- About this exercise: In the records that follow, the lines from the one containing "On the other" to the one containing "The instruments were", inclusive, are to be given again exactly.

- Records for processing:
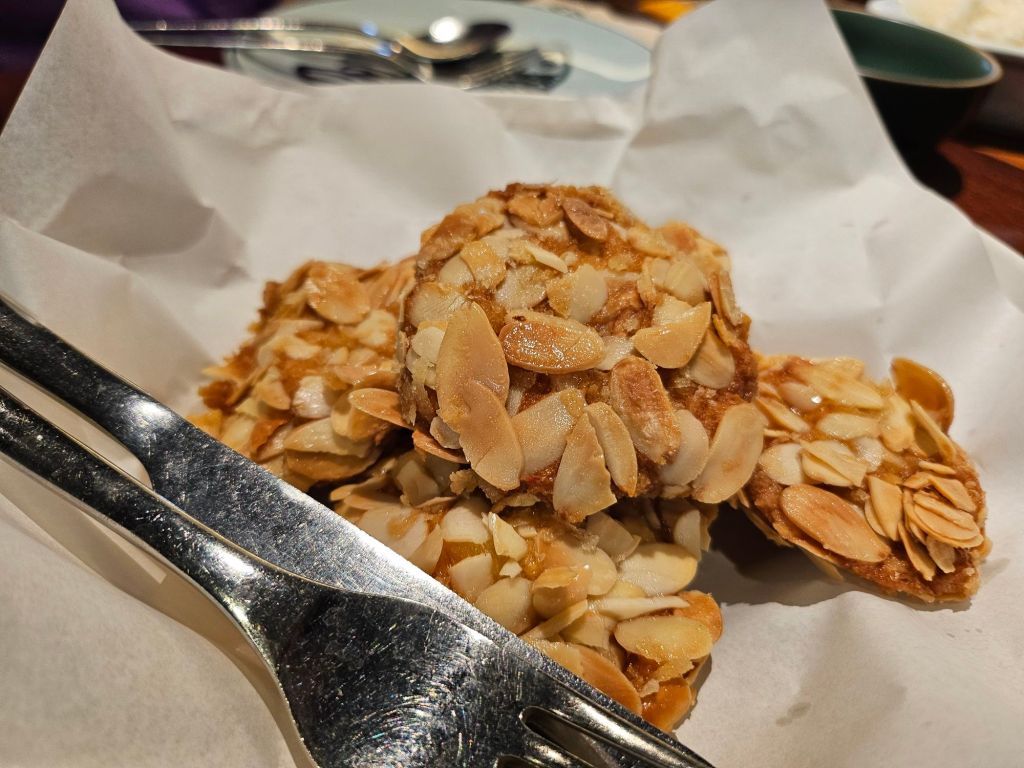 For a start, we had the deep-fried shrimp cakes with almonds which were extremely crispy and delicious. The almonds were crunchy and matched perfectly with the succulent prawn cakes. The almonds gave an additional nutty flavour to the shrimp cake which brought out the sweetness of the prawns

* * *

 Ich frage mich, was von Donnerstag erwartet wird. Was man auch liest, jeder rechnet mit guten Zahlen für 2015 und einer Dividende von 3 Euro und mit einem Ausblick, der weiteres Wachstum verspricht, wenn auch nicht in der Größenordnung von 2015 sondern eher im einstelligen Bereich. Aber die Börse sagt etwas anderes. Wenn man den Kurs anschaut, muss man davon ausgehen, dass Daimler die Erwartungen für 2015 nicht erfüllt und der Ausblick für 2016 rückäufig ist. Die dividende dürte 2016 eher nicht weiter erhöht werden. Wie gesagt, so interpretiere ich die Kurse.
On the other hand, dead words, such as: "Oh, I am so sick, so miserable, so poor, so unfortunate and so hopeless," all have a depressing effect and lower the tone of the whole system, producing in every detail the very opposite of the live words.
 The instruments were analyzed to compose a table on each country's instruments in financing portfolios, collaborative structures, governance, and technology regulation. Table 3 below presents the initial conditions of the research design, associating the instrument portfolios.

- Response:
On the other hand, dead words, such as: "Oh, I am so sick, so miserable, so poor, so unfortunate and so hopeless," all have a depressing effect and lower the tone of the whole system, producing in every detail the very opposite of the live words.
 The instruments were analyzed to compose a table on each country's instruments in financing portfolios, collaborative structures, governance, and technology regulation. Table 3 below presents the initial conditions of the research design, associating the instrument portfolios.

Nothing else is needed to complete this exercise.